Round Two For Community Solar Bill at California Legislature
Lois Wolk on the campaign trail in 2010 | Photo: Bob Tilden/Flickr/Creative Commons License
Though State Senator Lois Wolk failed to get her Community Solar bill SB 843 out of committee this year, she's game for another try at promoting decentralized, democratic solar power. Last week the Central Valley Senator introduced SB 43, which if passed would put the legislature on record as supporting the idea of community solar.
SB 43 doesn't go nearly as far to establish community solar programs as its predecessor. SB 843 would have allowed individuals and community groups to buy shares in local distributed energy facilities of 20 megawatts' capacity or less, then receive a credit on their power bills equal to their share of the output of the facility they've bought into. SB 43 is phrased as an "intent of the Legislature" resolution, which would not create new law by itself but would say that the Legislature intended to do so.

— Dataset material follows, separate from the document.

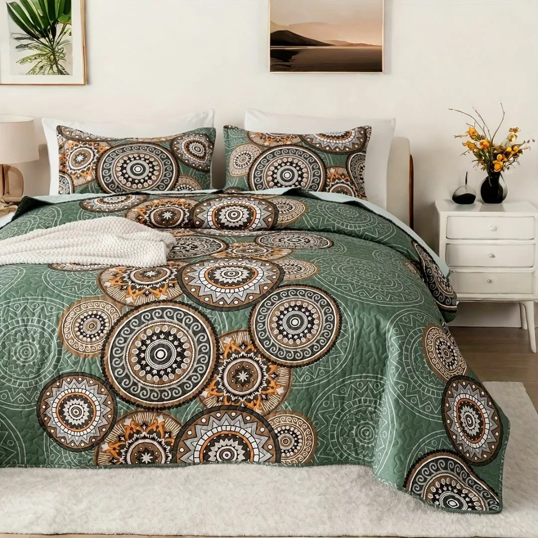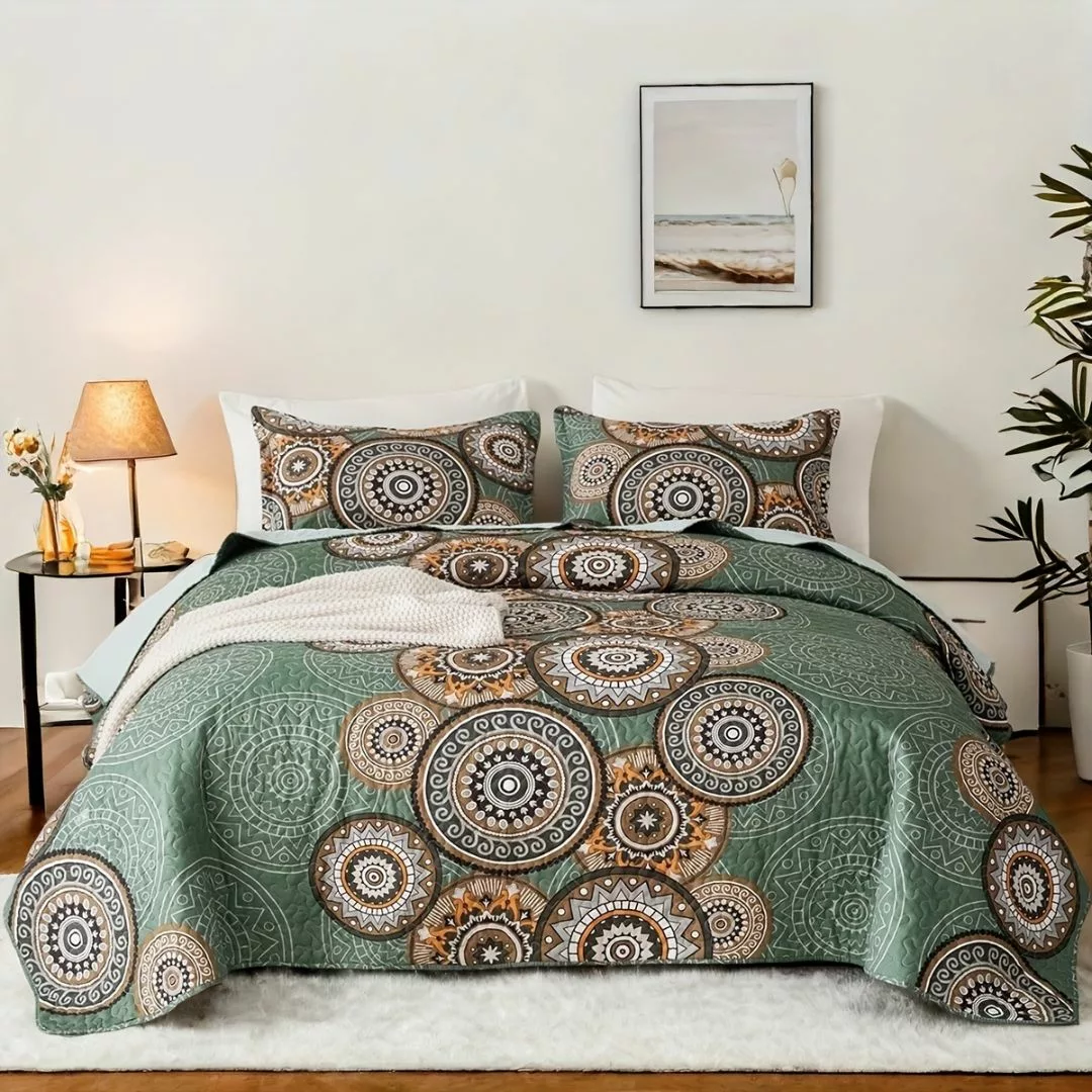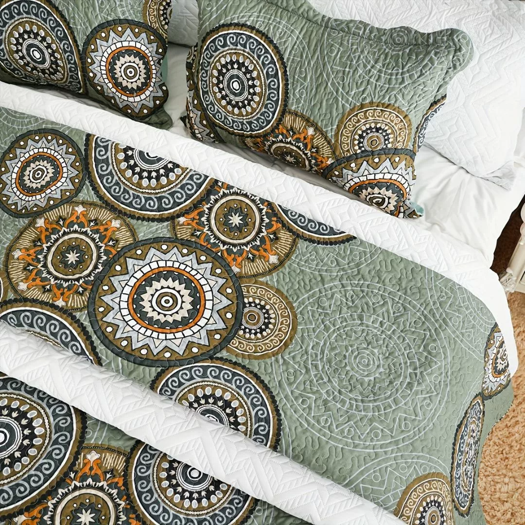 La Parure de Lit Imprimé Mandala Chic transforme votre chambre en un sanctuaire de sérénité et de style.

Reading the text of the new bill, it's clear Wolk has been influenced by utilities' recent talk of passing solar costs onto non-solarized ratepayers. From the bill:
It is the intent of the Legislature to enact legislation that would require the commission to minimize the rate impact of a shared renewable energy self-generation program on nonbeneficiaries, with a goal of ratepayer indifference. To the extent that a program would impose incremental increases in rates, it is the intent that the commission ensure that the cost increases are equitably allocated to all customers on a nonbypassable basis reflecting both the costs and benefits that shared renewable energy facilities provide to the residents of California.
Wolk's bill would also give the California Public Utilities Commission (CPUC) a heads-up that the Legislature intended to tell the CPUC to dismantle needless obstacles to distributed generation, as long as other ratepayers aren't penalized.
And if you take California advocacy group Vote Solar at their word, those ratepayers won't be.